“Vi ontem um
bicho
na imundice do pátio, catando comida entre os detritos. Quando achava
alguma coisa,
não examinava nem cheirava:
engolia com voracidade. O bicho não
era um cão, não era um gato,
não era um rato. O bicho, meu Deus, era um homem!”
Manuel Bandeira escreveu esse poema
em 1947, inconformado com os homens que catam lixo para comer. O assombroso é
que o problema ainda seja tão atual,
apesar dos 66 anos que se passaram, porque a miséria (e os lixões) ainda
existem em todo país.
As fotos chocantes feitas
por Diego Nigro (Jornal do Commercio, JC Imagem) evidenciam
essa tristíssima realidade: dentro da água suja, escura e fedida, no meio de
latas, plásticos, restos de comida e animais mortos, crianças catam latas de alumínio no Canal
do Arruda (Recife,
PE). Premidas pela
necessidade e pela indiferença do poder público, elas ignoram os perigos e a imundície
e trabalham
para ajudar a complementar o orçamento de casa: ganham R$ 5,00, num “bom” dia. Mas, às vezes, o esforço
desumano rende apenas R$ 1,00! Para elas, alivia um pouco a fome.

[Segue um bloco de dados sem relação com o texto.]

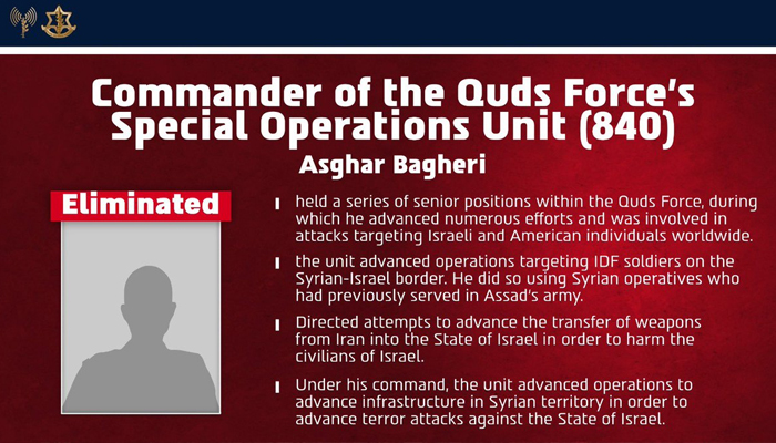 اسرائیلی فوج نے دعویٰ کیا ہے کہ اس نے تہران میں ایک فضائی حملے کے دوران ایران کی قدس فورس کے اسپیشل آپریشنز یونٹ کے کمانڈر اصغر باقری کو شہید کر دیا ہے۔

Depois da repercussão dessa
matéria, tanto no Jornal do Commercio
como na Folha de S. Paulo, o
Ministério Público do Trabalho anunciou que o caso será anexado como prova numa
ação civil pública contra a Prefeitura do Recife, já que o município vem
falhando na política de combate ao trabalho infantil.
O poema de Manuel Bandeira, de
contestação contra a realidade e a miséria humana, pode também servir, hoje em
dia, como analogia para outro tipo de lixo e outro tipo de degradação humana: o
homem que vendeu seus princípios; o homem que vive na imundície dos acordos; o
homem que exala o cheiro do que é mais imundo e fétido aos olhos dos cidadãos
de bem.
Como
o homem público que virou bicho e não examina, nem cheira: engole com
voracidade o poder. E faz qualquer coisa para saciar suas ganâncias.